Complete example

NightlordTW · NightlordTW · commit 2cce4ea342e5 · 2025-01-12T20:30:42.000+01:00
diff --git a/vignettes/sampleSize_parallel_2A1E.Rmd b/vignettes/sampleSize_parallel_2A1E.Rmd
@@ -26,7 +26,7 @@ doc.cache <- T #for cran; change to F
 
 
 ## Difference of Means Test
-This example, adapted from Example 1 in the PASS manual chapter titled *"Biosimilarity Tests for the Difference Between Means Using a Parallel Two-Group Design"*, illustrates the process of planning a clinical trial to assess biosimilarity. Specifically, the trial aims to compare blood pressure outcomes between two groups.
+This example, adapted from Example 1 in the PASS manual chapter titled [*"Biosimilarity Tests for the Difference Between Means Using a Parallel Two-Group Design"*](https://www.ncss.com/wp-content/themes/ncss/pdf/Procedures/PASS/Biosimilarity_Tests_for_the_Difference_Between_Means_using_a_Parallel_Two-Group_Design.pdf), illustrates the process of planning a clinical trial to assess biosimilarity. Specifically, the trial aims to compare blood pressure outcomes between two groups.
 
 ### Scenario
 Drug B is a well-established biologic drug used to control blood pressure. Its exclusive marketing license has expired, creating an opportunity for other companies to develop biosimilars.
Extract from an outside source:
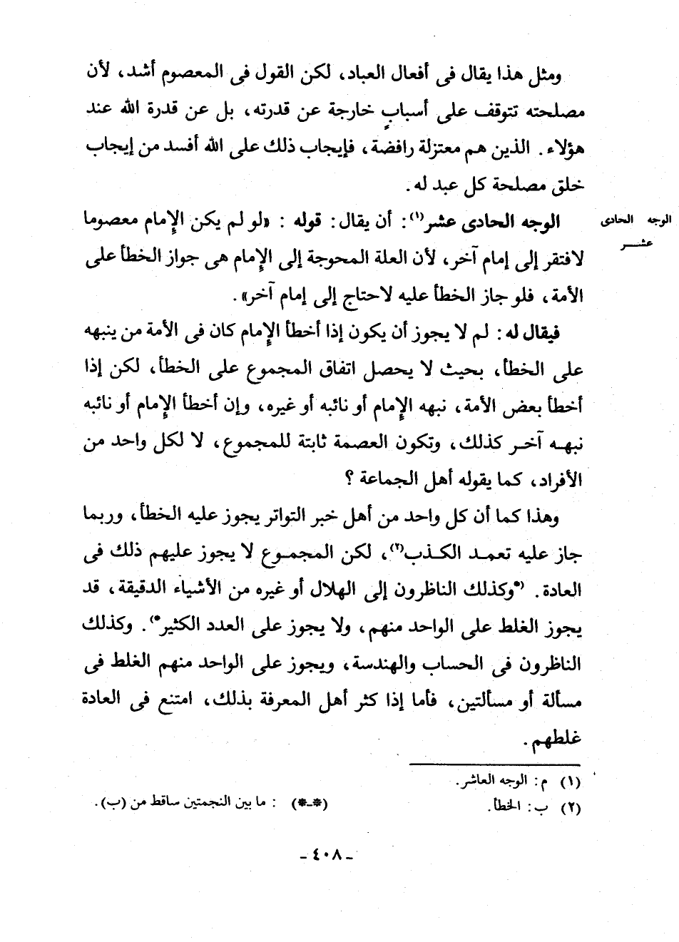 الْوَجْهُ الْحَادِي عَشَرَ (¬1) : أَنْ يُقَالَ: قَوْلُهُ: " لَوْ لَمْ يَكُنِ الْإِمَامُ مَعْصُومًا لَافْتَقَرَ إِلَى إِمَامٍ آخَرَ ; لَأَنَّ الْعِلَّةَ الْمُحْوِجَةَ إِلَى الْإِمَامِ هِيَ جَوَازُ الْخَطَأِ عَلَى الْأُمَّةِ، فَلَوْ جَازَ الْخَطَأُ عَلَيْهِ لَاحْتَاجَ إِلَى إِمَامٍ آخَرَ ".

Drug A is a new competing drug being developed as a potential biosimilar to Drug B. The goal is to determine whether Drug A meets FDA biosimilarity requirements in terms of safety, purity, and therapeutic response when compared to Drug B.
@@ -36,9 +36,8 @@ The study follows a parallel-group design with the following key assumptions:
 
 * Reference Group (Drug B): The average blood pressure is 96 mmHg, with a within-group standard deviation of 18 mmHg.
 * Mean Difference: As per FDA guidelines, the assumed difference between the two groups is set to $\delta = \sigma/8 = 2.25$ mmHg.
-* Biosimilarity Limits: These are defined as ±1.5σ = ±27 mmHg, ensuring compliance with regulatory requirements.
-* Type-I Error Rate: A one-sided α=0.025 is specified.
-* Desired Power: The target power for the study is 90% 
+* Biosimilarity Limits: These are defined as ±1.5σ = ±27 mmHg.
+* Type-I Error Rate: A one-sided α = 0.025 is specified.
 
 To implement these parameters in R, the following code snippet can be used:
 
@@ -58,16 +57,33 @@ lequi_upper <- setNames(27, "BP")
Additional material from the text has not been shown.